The rapid rise in gold prices has attracted surprisingly little media attention – and that suggests the rally is not likely to peter out anytime soon. Maybe that is because there is no obvious story (unless you are a technical analyst, that is). It is when I see garish headlines proclaiming “gold is back” that I begin to worry.
On Monday, I showed a long-range chart on which the market had just broken above the multi-year trendline (a bullish signal). The chart also showed the blue tramline pair I have been using as a guide:
Following the trendline break, the upper tramline became my main target (but not necessarily my final one). That target lies in the $1,200-plus area.
So, how does that chart look today? The market has risen this week by about $40 to yesterday’s high at the $1,191 print. It is thus confirming my Elliott wave labels. I am working under the assumption that we are in a third of a third up. And another confirmation is the move above the wave 1 high – that was the action I was looking for. But now the market is encountering overhead resistance – and it is formidable. I have highlighted the zone and this is an area where there was a lot of trading over a long period.
There will be many disappointed shorts from that zone who have seen the sharp rally in recent weeks.
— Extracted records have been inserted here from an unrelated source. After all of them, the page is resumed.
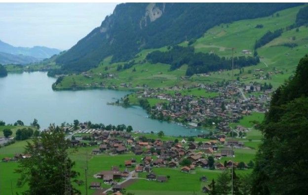
Incredibly beautiful town of Lungern
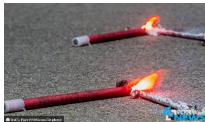
Traffic Flare

PINON HILLS, Calif. (VVNG.com) — A crash involving a semi and a van on Highway 138 left two people injured on Halloween night.
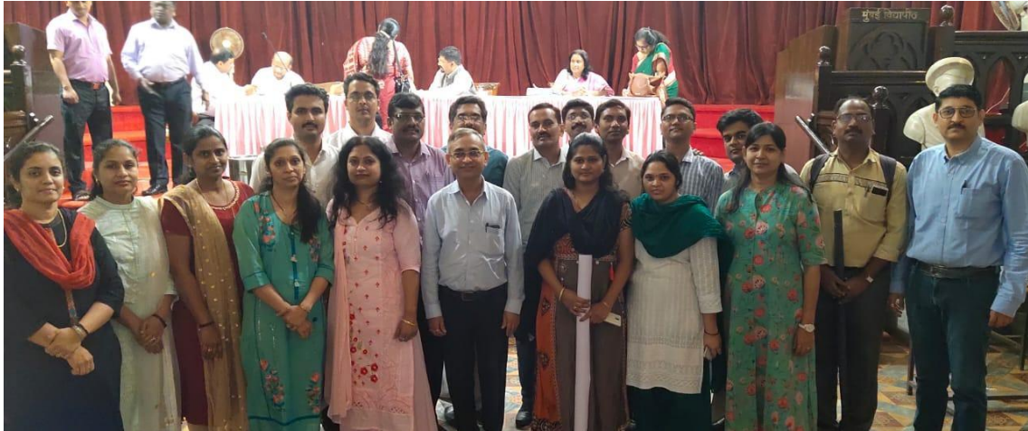
Faculty at Convocation Hall, University of Mumbai, Fort Campus Makerthon
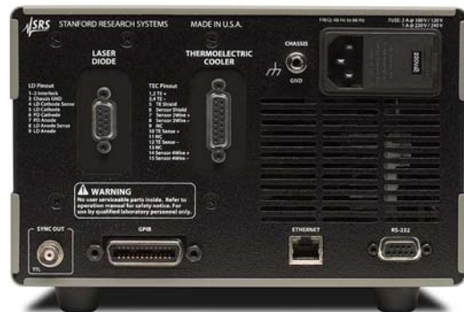
LDC500 Rear Panel
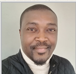
Page 5 New YPM Coordinator for the diocese
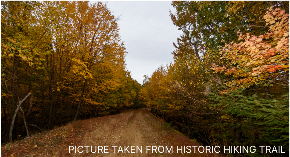
PICTURE TAKEN FROM HISTORIC HIKING TRAIL
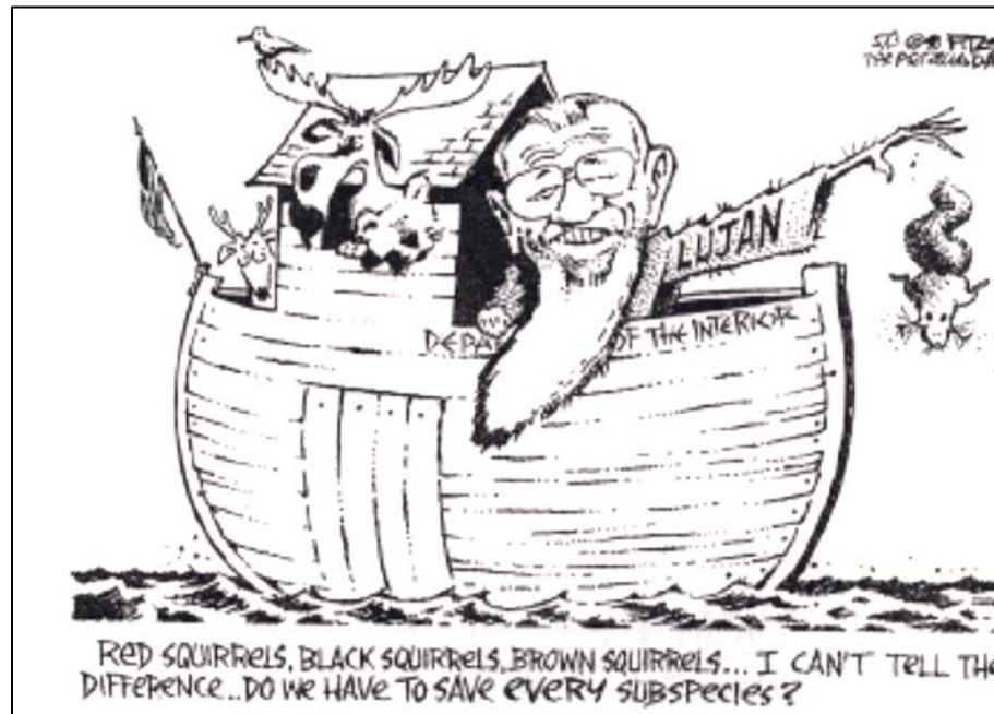
Figure 8. David Fitzsimmons, “Red squirrels, black squirrels, brown squirrels...I can’t tell the difference,” The Arizona Daily Star . 13 May 1990.

wondered, “do we have to save every subspecies?” 239 Lujan’s direct reference to the Mt. Graham Red Squirrel in the context of weakening the ESA was immediately ridiculed by the press (see Figure 8).
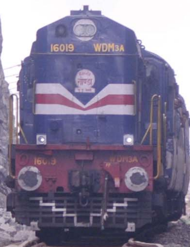
Dudhnoi-Mendipathar new line project
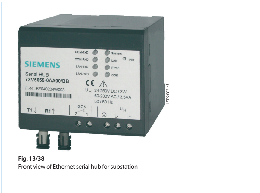
Fig. 13/38 Front view of Ethernet serial hub for substation
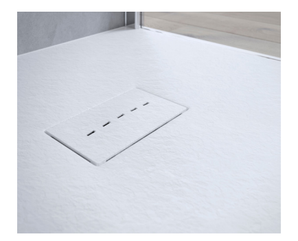
Drain cover detail.
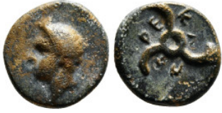
182 Greek Coin AE 2,29 g - 13,22 mm
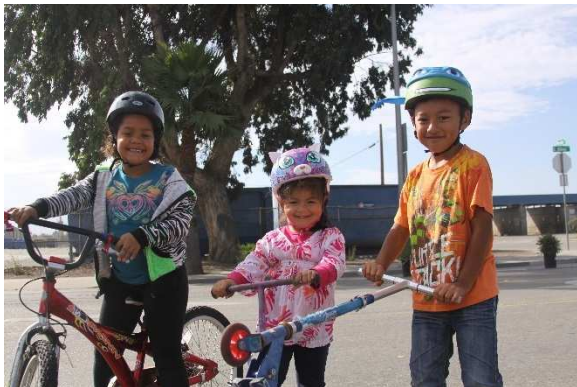
Children at the 2015 Ciclovía Salinas

Vision: Active transportation will be an integral, convenient and safe part of daily life in Monterey County for residents and visitors of all ages and abilities.
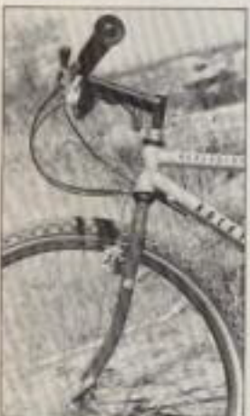
Like a kid wearing his dad's shoes: The Ritchey Race stem was about one inch too long for the Avalanche. Japanese TIG welding was of very good quality and the paint was durable.

optimum mountain bike to do all their mountain biking on—how lucky can you get? *
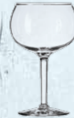
Bolla Grande 51.8 CL · 17.5 OZ ≈ h175 mm · Ø111 mm ≈ No. 8418
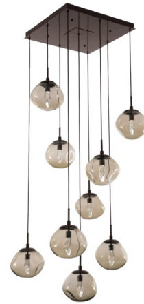
Shown in flat bronze / bronze geo

PRODUCT DIMENSIONS . . . . . Max Overall Length: 135" COLOR RENDERING . . . . . 93 CRI LAMP COLOR . . . . . 2700K LUMENS/WATT . . . . . 588.46 LUMINOUS FLUX . . . . . 3060 lumens
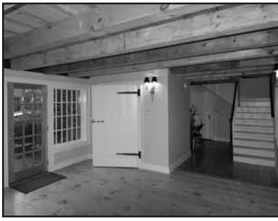
Rough hewn beams from Rand Lumber helped to combine the old with the new, paying tribute to the property's 190-year-old character.
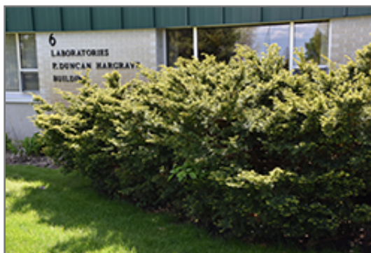
Morden Japanese Yew
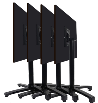
Folding Table Bases

NOROCK table bases use a simple mechanical system with four pivoting legs that are interconnected in such a way that they must reach an average weight loading on all four feet. When a table is placed on an uneven surface, the feet will move until all four feet reach a state of equilibrium.
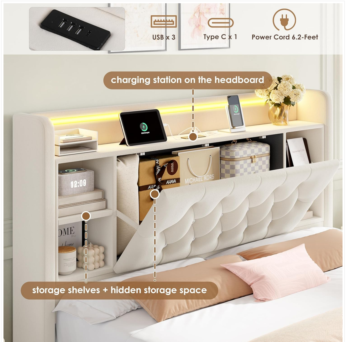
Figure 4.2: Close-up view of the headboard's charging station, showing 3 USB ports, 1 Type-C port, and the 6.2-foot power cord. Also visible are the storage shelves and the hidden cubby space.
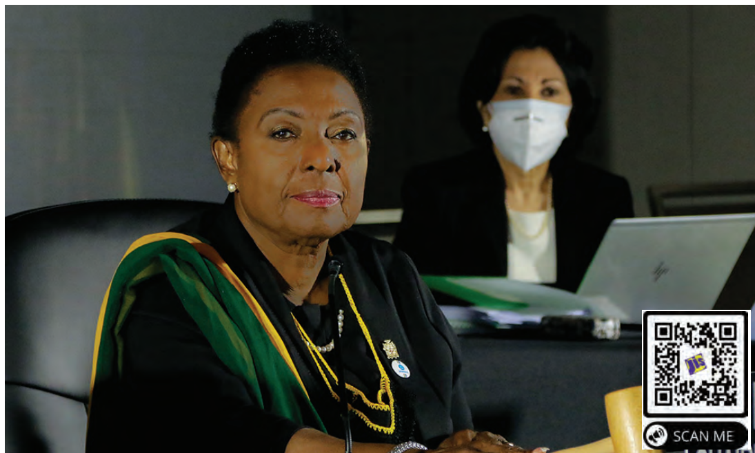
Minister of Culture, Gender, Entertainment and Sport, Hon. Olivia Grange, chairs the virtual meeting of the UNESCO Intergovernmental Committee for the Safeguarding of Intangible Cultural Heritage.

Their target of sub-$1,000 is getting further away, not getting closer. Ouch!
Many of those shorts will be buying back (covering) their short trades and thus adding to the pressure for higher prices.
There will also be many longs from that zone who realised they got in too early and have seen the market plunge in the summer, creating big losses. Some will be taking this opportunity to exit their positions by selling into the rally and take a much-reduced loss with a great sigh of relief. They may see this rally as a bear market rally – and a heaven-sent gift to extricate themselves.
When a trading congestion zone such as this one is created, the longer it persists, the greater the number of winners and losers coming out of it and the greater the volatility it produces.
That is why overhead resistance zones usually present many hurdles for the rally to overcome. And that is what I expect now we are roughly half way into the zone with few setbacks so far.
In other words, I expect to see pull-backs – and this morning we have one on progress.
If I can determine where a pull-back will turn, I will have an opportunity to enter a low-risk trade.
I have drawn in a purple line. Before July, it was a line of support where declines to it were repulsed. After July, it became a line of resistance with the major August high also being turned away.
But on Wednesday, the market punched through the resistance and the line is now a line of support again. If it remains true to type, the current pull-back should turn at or above this line.
This is what I wrote on Monday: “The move above the August high has helped confirm my original wave count – we are now in a third of a third. This is a most powerful set-up and we are seeing fireworks well before 5 November.”
I have no reason to change my outlook for early fireworks.